(Action item) Word for word, transcribe the data below from the line with "芙蓉花星星点点,花团锦簇" to the line with "Sewu จากด้านบนแบบเต็มๆ ตา…", keeping both of those lines.

(Records shown)
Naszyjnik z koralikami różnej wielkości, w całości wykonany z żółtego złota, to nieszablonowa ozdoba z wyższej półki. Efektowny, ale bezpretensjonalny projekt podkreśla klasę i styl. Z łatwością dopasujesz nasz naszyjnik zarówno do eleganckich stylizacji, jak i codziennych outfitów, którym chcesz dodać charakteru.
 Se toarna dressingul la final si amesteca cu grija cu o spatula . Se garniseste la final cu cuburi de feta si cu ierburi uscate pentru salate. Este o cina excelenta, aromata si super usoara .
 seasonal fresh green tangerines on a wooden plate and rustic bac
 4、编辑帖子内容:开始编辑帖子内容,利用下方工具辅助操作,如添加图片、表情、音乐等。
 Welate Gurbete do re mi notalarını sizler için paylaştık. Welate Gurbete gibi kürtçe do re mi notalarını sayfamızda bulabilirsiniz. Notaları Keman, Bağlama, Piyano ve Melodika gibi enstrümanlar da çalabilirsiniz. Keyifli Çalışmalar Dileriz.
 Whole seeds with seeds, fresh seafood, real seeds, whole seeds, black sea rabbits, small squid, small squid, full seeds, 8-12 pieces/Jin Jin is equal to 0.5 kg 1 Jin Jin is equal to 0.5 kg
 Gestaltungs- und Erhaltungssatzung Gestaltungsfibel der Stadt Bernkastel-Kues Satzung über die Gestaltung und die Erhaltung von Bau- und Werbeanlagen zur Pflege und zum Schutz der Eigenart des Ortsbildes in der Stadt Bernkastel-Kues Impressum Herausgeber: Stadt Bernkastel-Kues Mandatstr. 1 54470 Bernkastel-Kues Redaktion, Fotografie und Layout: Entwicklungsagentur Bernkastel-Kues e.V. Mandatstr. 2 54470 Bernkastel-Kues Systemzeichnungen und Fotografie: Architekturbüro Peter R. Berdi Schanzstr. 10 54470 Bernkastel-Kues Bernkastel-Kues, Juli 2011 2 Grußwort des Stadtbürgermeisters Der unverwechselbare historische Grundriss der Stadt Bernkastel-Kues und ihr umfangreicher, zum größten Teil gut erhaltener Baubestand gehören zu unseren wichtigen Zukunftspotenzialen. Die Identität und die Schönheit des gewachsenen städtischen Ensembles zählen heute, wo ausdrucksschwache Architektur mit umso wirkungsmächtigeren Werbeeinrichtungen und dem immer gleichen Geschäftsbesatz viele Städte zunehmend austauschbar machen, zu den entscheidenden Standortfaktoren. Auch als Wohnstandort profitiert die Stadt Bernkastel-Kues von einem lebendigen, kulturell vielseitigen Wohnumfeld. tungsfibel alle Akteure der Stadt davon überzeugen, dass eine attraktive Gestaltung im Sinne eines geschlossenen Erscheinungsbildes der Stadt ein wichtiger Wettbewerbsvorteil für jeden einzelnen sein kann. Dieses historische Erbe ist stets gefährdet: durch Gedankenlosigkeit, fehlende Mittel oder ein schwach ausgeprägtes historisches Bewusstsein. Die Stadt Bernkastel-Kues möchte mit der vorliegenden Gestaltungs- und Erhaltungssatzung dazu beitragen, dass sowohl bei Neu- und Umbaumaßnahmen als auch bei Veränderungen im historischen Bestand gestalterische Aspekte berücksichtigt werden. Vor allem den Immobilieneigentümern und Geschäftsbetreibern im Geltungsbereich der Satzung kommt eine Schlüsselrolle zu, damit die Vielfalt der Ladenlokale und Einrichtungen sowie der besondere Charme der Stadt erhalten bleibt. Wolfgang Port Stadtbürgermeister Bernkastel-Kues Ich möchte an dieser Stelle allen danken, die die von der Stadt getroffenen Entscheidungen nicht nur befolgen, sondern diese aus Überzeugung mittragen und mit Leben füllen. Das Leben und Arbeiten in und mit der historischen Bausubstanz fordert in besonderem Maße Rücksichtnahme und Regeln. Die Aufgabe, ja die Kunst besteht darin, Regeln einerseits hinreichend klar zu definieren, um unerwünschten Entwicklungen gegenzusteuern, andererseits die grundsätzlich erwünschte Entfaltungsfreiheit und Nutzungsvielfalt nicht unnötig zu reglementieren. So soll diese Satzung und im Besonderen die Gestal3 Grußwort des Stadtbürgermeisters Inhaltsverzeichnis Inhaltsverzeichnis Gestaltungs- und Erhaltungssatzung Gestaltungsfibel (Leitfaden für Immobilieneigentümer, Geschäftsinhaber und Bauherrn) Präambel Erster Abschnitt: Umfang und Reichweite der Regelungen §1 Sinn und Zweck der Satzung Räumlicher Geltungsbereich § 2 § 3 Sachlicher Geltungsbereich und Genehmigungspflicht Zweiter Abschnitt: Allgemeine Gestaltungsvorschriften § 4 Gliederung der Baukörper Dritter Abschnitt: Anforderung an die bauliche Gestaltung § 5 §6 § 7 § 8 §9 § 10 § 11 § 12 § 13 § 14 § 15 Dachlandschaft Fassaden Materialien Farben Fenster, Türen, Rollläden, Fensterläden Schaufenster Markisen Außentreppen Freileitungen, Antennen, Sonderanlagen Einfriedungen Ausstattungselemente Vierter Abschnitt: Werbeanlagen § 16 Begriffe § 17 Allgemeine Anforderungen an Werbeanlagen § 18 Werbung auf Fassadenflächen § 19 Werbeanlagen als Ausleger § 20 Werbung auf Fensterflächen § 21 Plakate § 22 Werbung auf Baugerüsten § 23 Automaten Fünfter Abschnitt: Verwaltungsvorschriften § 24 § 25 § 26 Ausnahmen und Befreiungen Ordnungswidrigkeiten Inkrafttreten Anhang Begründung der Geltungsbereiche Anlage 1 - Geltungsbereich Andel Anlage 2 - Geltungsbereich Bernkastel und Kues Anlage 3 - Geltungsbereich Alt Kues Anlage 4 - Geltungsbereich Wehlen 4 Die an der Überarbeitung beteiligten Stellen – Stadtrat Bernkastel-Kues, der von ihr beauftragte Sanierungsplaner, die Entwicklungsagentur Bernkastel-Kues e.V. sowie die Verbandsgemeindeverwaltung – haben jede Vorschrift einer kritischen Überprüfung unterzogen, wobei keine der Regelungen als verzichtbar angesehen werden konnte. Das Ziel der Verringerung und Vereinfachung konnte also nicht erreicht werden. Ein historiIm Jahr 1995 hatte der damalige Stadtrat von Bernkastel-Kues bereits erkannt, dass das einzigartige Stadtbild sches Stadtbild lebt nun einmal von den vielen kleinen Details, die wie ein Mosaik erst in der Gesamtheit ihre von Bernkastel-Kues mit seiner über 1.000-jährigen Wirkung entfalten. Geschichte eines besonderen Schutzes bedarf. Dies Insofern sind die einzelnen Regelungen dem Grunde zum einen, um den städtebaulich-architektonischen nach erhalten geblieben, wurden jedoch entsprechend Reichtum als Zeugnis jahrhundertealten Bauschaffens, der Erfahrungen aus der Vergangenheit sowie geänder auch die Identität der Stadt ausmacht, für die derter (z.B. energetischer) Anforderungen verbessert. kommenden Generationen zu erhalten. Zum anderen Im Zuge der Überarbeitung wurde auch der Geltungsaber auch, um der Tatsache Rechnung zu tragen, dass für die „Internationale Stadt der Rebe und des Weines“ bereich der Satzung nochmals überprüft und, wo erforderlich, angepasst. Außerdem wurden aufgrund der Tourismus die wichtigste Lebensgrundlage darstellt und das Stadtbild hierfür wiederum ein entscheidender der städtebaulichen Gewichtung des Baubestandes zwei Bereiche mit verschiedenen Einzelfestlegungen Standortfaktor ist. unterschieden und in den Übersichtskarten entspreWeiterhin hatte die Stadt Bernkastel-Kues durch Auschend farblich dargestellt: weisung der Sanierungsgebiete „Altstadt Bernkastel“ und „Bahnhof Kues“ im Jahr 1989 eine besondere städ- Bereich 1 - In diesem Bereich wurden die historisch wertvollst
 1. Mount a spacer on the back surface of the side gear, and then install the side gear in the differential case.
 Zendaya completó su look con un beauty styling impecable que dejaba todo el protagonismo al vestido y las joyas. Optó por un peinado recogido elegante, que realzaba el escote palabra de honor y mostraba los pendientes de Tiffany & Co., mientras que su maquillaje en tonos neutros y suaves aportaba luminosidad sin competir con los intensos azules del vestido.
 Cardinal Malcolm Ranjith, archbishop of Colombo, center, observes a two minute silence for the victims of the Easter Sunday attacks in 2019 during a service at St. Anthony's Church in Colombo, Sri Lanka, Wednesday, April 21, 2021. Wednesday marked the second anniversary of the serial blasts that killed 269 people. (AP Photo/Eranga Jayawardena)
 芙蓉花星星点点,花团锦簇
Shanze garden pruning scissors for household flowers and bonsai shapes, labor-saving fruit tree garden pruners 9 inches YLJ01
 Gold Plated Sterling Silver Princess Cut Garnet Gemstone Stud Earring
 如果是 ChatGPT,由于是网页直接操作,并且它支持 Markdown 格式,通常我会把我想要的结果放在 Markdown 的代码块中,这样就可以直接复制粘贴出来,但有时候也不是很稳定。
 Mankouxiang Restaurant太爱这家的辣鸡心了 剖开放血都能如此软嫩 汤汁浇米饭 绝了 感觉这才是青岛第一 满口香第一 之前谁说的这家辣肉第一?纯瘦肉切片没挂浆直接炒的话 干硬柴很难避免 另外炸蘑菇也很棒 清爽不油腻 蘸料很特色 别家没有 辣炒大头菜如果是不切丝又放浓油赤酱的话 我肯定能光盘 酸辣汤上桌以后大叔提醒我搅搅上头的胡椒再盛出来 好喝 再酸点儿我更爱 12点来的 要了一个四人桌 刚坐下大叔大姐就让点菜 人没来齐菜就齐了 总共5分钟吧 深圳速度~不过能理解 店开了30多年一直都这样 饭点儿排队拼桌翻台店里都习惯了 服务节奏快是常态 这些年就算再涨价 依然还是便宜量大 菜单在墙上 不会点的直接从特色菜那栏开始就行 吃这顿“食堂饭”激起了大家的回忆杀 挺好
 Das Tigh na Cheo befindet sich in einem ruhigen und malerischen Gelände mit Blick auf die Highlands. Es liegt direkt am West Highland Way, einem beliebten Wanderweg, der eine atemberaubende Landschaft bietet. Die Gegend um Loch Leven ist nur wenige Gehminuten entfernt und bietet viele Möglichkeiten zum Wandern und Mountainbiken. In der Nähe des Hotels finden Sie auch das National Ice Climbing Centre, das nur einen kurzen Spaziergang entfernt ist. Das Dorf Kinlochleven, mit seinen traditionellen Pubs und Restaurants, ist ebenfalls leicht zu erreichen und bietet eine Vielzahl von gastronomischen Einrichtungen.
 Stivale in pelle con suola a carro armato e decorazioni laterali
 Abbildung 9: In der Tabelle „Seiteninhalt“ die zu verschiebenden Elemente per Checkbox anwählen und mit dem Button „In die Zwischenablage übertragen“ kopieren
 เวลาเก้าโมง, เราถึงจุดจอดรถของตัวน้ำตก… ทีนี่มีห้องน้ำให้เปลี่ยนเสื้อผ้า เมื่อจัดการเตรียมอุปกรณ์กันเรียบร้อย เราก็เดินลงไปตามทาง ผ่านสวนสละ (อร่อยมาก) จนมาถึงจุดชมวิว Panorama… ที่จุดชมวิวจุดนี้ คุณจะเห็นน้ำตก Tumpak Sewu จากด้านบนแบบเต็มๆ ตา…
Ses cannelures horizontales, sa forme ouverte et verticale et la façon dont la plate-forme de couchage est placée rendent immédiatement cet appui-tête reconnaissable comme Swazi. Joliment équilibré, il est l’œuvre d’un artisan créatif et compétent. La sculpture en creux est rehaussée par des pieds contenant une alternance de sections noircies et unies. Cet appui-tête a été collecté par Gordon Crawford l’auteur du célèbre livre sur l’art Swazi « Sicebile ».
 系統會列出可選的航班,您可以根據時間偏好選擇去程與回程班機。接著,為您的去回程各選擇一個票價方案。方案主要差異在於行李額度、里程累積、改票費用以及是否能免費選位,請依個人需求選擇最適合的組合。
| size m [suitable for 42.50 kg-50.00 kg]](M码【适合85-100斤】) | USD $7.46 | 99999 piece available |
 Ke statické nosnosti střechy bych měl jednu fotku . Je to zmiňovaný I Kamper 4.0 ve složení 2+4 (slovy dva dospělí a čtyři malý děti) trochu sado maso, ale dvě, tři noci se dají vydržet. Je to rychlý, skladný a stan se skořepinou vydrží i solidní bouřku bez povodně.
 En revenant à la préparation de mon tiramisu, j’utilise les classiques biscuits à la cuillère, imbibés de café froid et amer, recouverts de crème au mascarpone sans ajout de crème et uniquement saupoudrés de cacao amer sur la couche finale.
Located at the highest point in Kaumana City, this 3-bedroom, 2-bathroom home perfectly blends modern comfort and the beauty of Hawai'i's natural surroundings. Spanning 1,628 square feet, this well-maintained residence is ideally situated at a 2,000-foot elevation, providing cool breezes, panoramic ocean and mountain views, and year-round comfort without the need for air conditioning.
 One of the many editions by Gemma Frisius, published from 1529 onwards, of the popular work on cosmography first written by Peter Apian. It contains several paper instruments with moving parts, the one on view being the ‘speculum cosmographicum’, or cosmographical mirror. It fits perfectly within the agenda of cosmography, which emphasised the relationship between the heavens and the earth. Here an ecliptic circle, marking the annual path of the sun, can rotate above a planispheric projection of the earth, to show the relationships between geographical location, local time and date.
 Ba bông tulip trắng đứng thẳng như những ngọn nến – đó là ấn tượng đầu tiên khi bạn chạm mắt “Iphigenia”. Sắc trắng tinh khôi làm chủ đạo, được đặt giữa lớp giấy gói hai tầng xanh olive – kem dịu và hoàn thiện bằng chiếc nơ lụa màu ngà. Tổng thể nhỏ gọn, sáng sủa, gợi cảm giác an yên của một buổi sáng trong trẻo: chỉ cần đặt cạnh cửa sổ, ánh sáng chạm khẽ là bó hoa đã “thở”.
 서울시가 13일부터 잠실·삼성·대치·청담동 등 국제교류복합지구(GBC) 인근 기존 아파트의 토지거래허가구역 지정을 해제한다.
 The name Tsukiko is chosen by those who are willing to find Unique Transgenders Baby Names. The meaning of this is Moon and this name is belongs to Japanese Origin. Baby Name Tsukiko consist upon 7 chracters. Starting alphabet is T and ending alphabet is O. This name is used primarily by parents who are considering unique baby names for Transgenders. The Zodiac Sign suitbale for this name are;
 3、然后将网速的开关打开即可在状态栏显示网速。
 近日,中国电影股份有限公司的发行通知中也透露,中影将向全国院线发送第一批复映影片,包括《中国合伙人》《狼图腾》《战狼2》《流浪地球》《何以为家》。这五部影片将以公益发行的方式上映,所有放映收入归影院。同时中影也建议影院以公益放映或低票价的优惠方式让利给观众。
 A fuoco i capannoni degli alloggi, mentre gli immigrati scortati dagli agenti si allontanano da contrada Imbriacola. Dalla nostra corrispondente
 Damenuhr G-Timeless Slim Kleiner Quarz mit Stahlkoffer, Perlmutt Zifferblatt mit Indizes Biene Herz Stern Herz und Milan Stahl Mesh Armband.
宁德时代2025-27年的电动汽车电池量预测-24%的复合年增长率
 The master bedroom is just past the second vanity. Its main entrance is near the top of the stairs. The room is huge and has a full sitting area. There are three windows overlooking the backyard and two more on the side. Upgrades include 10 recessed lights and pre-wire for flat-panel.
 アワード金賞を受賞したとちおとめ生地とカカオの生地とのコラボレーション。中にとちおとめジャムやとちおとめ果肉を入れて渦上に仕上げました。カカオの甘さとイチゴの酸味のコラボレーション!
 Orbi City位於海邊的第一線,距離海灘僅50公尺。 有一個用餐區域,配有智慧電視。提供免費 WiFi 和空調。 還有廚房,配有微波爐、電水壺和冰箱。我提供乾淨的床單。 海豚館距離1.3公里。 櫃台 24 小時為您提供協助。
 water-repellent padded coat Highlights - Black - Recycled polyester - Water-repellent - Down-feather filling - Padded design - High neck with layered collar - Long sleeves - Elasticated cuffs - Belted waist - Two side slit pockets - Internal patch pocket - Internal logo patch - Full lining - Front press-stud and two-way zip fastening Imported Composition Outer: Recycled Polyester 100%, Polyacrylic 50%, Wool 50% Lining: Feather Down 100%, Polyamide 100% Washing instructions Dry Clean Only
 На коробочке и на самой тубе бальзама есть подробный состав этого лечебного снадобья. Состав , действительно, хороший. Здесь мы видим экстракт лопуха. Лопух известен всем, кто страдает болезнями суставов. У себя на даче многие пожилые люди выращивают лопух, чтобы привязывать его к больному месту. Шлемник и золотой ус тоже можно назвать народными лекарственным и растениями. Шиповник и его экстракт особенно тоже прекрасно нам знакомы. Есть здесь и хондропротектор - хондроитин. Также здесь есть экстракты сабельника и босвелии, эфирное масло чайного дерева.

(Exercise solution)
 芙蓉花星星点点,花团锦簇
Shanze garden pruning scissors for household flowers and bonsai shapes, labor-saving fruit tree garden pruners 9 inches YLJ01
 Gold Plated Sterling Silver Princess Cut Garnet Gemstone Stud Earring
 如果是 ChatGPT,由于是网页直接操作,并且它支持 Markdown 格式,通常我会把我想要的结果放在 Markdown 的代码块中,这样就可以直接复制粘贴出来,但有时候也不是很稳定。
 Mankouxiang Restaurant太爱这家的辣鸡心了 剖开放血都能如此软嫩 汤汁浇米饭 绝了 感觉这才是青岛第一 满口香第一 之前谁说的这家辣肉第一?纯瘦肉切片没挂浆直接炒的话 干硬柴很难避免 另外炸蘑菇也很棒 清爽不油腻 蘸料很特色 别家没有 辣炒大头菜如果是不切丝又放浓油赤酱的话 我肯定能光盘 酸辣汤上桌以后大叔提醒我搅搅上头的胡椒再盛出来 好喝 再酸点儿我更爱 12点来的 要了一个四人桌 刚坐下大叔大姐就让点菜 人没来齐菜就齐了 总共5分钟吧 深圳速度~不过能理解 店开了30多年一直都这样 饭点儿排队拼桌翻台店里都习惯了 服务节奏快是常态 这些年就算再涨价 依然还是便宜量大 菜单在墙上 不会点的直接从特色菜那栏开始就行 吃这顿“食堂饭”激起了大家的回忆杀 挺好
 Das Tigh na Cheo befindet sich in einem ruhigen und malerischen Gelände mit Blick auf die Highlands. Es liegt direkt am West Highland Way, einem beliebten Wanderweg, der eine atemberaubende Landschaft bietet. Die Gegend um Loch Leven ist nur wenige Gehminuten entfernt und bietet viele Möglichkeiten zum Wandern und Mountainbiken. In der Nähe des Hotels finden Sie auch das National Ice Climbing Centre, das nur einen kurzen Spaziergang entfernt ist. Das Dorf Kinlochleven, mit seinen traditionellen Pubs und Restaurants, ist ebenfalls leicht zu erreichen und bietet eine Vielzahl von gastronomischen Einrichtungen.
 Stivale in pelle con suola a carro armato e decorazioni laterali
 Abbildung 9: In der Tabelle „Seiteninhalt“ die zu verschiebenden Elemente per Checkbox anwählen und mit dem Button „In die Zwischenablage übertragen“ kopieren
 เวลาเก้าโมง, เราถึงจุดจอดรถของตัวน้ำตก… ทีนี่มีห้องน้ำให้เปลี่ยนเสื้อผ้า เมื่อจัดการเตรียมอุปกรณ์กันเรียบร้อย เราก็เดินลงไปตามทาง ผ่านสวนสละ (อร่อยมาก) จนมาถึงจุดชมวิว Panorama… ที่จุดชมวิวจุดนี้ คุณจะเห็นน้ำตก Tumpak Sewu จากด้านบนแบบเต็มๆ ตา…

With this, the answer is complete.